Clustal W is a general purpose multiple alignment program for DNA or proteins.

Sequence Input

All sequences must be in 1 file, one after another. 7 formats are automatically recognised: NBRF-PIR, EMBL-SWISSPROT, Pearson (Fasta), Clustal (*.aln), GCG-MSF (Pileup), GCG9-RSF and GDE flat file. All non-alphabetic characters (spaces, digits, punctuation marks) are ignored except "-" which is used to indicate a GAP ("." in MSF-RSF).

This is how clustal knows what sequence type you are using:

Please choose either a nucleotide or protein sequence from the checkbox. The script will not let you carry on unless you do so.


Alignments

Multiple alignments are carried out in 3 stages:

  1. all sequences are compared to each other (pairwise alignments)
  2. a dendrogram (like a phylogenetic tree) is constructed, describing the approximate groupings of the sequences by similarity.
  3. the final multiple alignment is carried out, using the dendrogram as a guide.

Pairwise alignment parameters control the speed and sensitivity of the initial alignments.
Multiple alignment parameters control the gaps in the final multiple alignments.
Output format allows you to choose from 6 different alignment formats (CLUSTAL, GCG, PIR, PHYLIP, and GDE). I suggest you try all of them, and use the one you like the most!


Pairwise alignments

A distance is calculated between every pair of sequences and these are used to construct the dendrogram which guides the final multiple alignment. The scores are calculated from separate pairwise alignments. These can be calculated using 2 methods: dynamic programming (slow but accurate) or by the method of Wilbur and Lipman (extremely fast but approximate).

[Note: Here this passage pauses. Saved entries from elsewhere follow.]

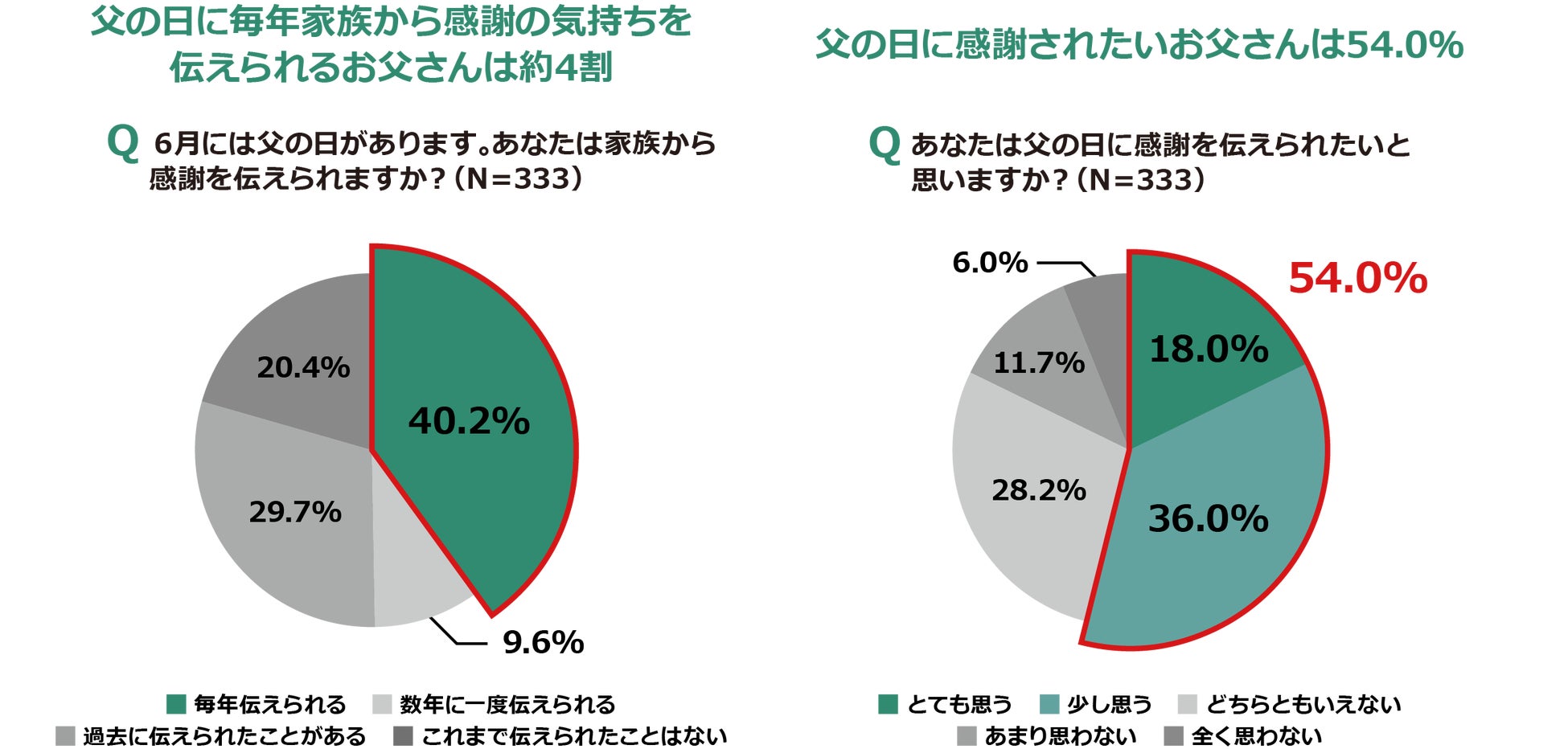 6月にはお父さんが主役のイベント「父の日」があります。父の日に家族から感謝を伝えられるかどうかを聞いたところ、「毎年伝えられる」と回答したお父さんは40.2%にとどまり、2割(20.4%)は「これまで伝えられたことはない」と回答しました。一方で、父の日に感謝を伝えられたいと「とても思う」「少し思う」と回答した人は、実際に伝えられている割合を超える54.0%に上り、半数以上のお父さんが感謝されたいと感じていることが明らかになりました。
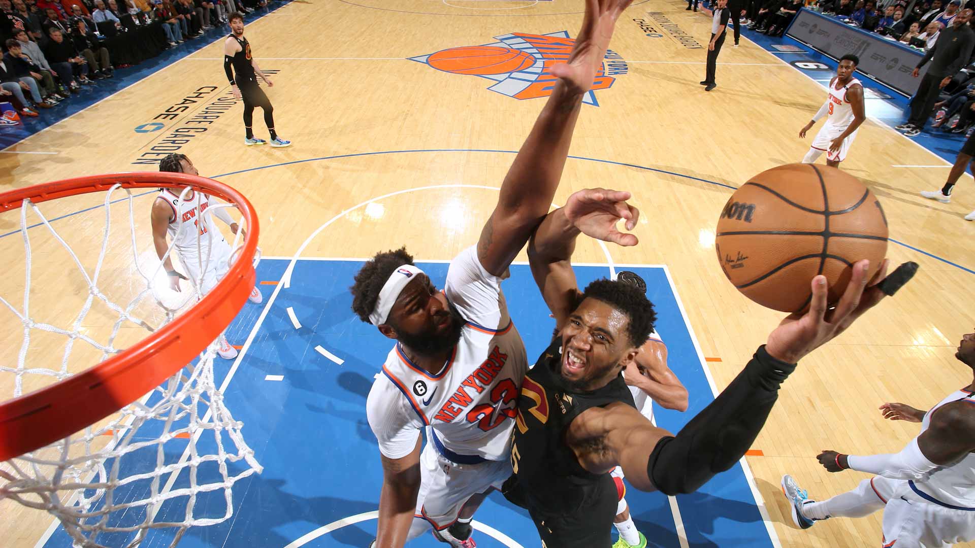 وسجل جالن برونسون 29 نقطة، وأضاف آر.جيه باريت 26 نقطة لنيويورك نيكس، الذي تقدم بذلك على كافاليرز 3 / 1 .
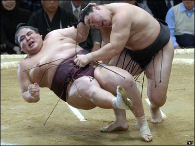 در اولين روز از دوره مسابقات 15 روزه کشتی سومو که در اوزاکا برگزار می شود، آساشوريو(راست) قهرمان فعلی اين مسابقات، بر ميابياما غلبه کرد.
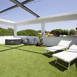 Strand faciliteterne på Hotel Elite omfatter liggestole og parasoller.
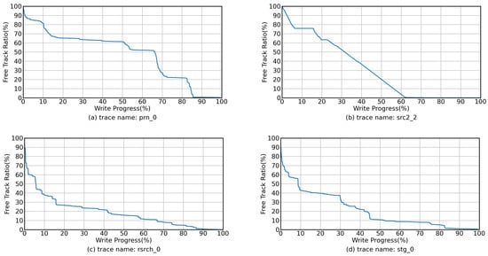 In real-world workloads, new write requests and update write requests alternate on disk, meaning that free tracks are not immediately exhausted. To better illustrate this phenomenon, we analyzed the block-level traces obtained from Microsoft Research (MSR) Cambridge [,] and selected four traces, namely prn_0, src2_2, rsrch_0, and stg_0. These traces are write-intensive workloads, with the key difference being that the first two are dominated by spatial locality, while the latter two are dominated by temporal locality. In addition, since all existing IMR studies use a track-level data placement method (each logical track is mapped to a unique physical track, and incoming data are placed at the appropriate location on the physical track according to its offset within the logical track), we used the typical three-phase write management method as the baseline policy for data placement. Detailed information about the workload and experimental platform characterization can be found in Section 5.1. As shown in Figure 3, the temporal-locality-dominated workloads, rsrch_0 and stg_0, trigger top-track allocation when write progress reaches 6% and 9%, respectively. In contrast, the spatial-locality-dominated workloads prn_0 and src2_2 have slower track consumption rates, with top track allocation triggered only when write progress is 66% and 32%, respectively. Although rsrch_0 and stg_0 initiate top-track allocation early in the workload, the rate of free track allocation gradually slows as write progress increases. In summary, regardless of the rate of free track consumption at each stage of the workload, there are always free tracks available on the disk until the write progress reaches 100%.
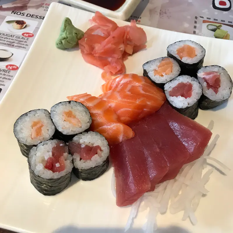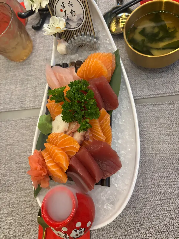 스시 세트는 신선한 재료만을 사용해서 만든, 다양한 종류의 초밥으로 구성되어 있었다. 밥알은 적당히 찰기가 있었고, 생선은 입안에서 사르르 녹아내리는 듯했다. 특히 연어 초밥은 신선함이 그대로 느껴져 정말 맛있었다.
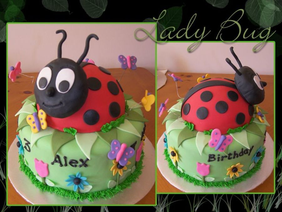 Lady bug cake. Design is similar to a few other cakes here on cc. They were wonderful cakes with the animated lady bug faces. Two 9" rounds with 1/2 ball cake. Face is made from rc treats covered in fondant. Cake is covered in fondant with fondant accents. Loved making it.

The slow-accurate method is fine for short sequences but will be VERY SLOW for many (e.g. >100) long (e.g. >1000 residue) sequences.


Multiple alignment parameters

These parameters control the final multiple alignment. This is the core of the program and the details are complicated but we'll try and deal with them here.

Each step in the final multiple alignment consists of aligning two alignments or sequences. This is done progressively, following the branching order in the guide tree. The basic parameters to control this are two gap penalties and the scores for various identical-non-indentical residues.

The gap penalties control the cost of opening up every new gap and the cost of every item in a gap. Increasing the gap opening penalty will make gaps less frequent. Increasing the gap extension penalty will make gaps shorter. Gaps near the ends of sequences are not penalised so that the last few residues or bases don't get forced to the end of the sequence.

The delay divergent sequences switch delays the alignment of the most distantly related sequences until after the most closely related sequences have been aligned. The setting shows the percent identity level required to delay the addition of a sequence; sequences that are less identical than this level to any other sequences will be aligned later.

The transition weight gives transitions (A <--> G or C <--> T i.e. purine-purine or pyrimidine-pyrimidine substitutions) a weight between 0 and 1; a weight of zero means that the transitions are scored as mismatches, while a weight of 1 gives the transitions the match score. For distantly related DNA sequences, the weight should be near to zero; for closely related sequences it can be useful to assign a higher score.

Matrices

Please note that the matrices will automatically change depending on whether you select nucleotides or proteins

More help on the matrices is given below

The protein weight matrix offers a choice of weight matrices. The default for proteins is the PAM series derived by Gonnet and colleagues. Different matrices work differently at each evolutionary distance.

The DNA weight matrix has a choice of two matrices, IUB and CLUSTAL. The CLUSTAL is the matrix used by BESTFIT for comparison of nucleic acid sequences.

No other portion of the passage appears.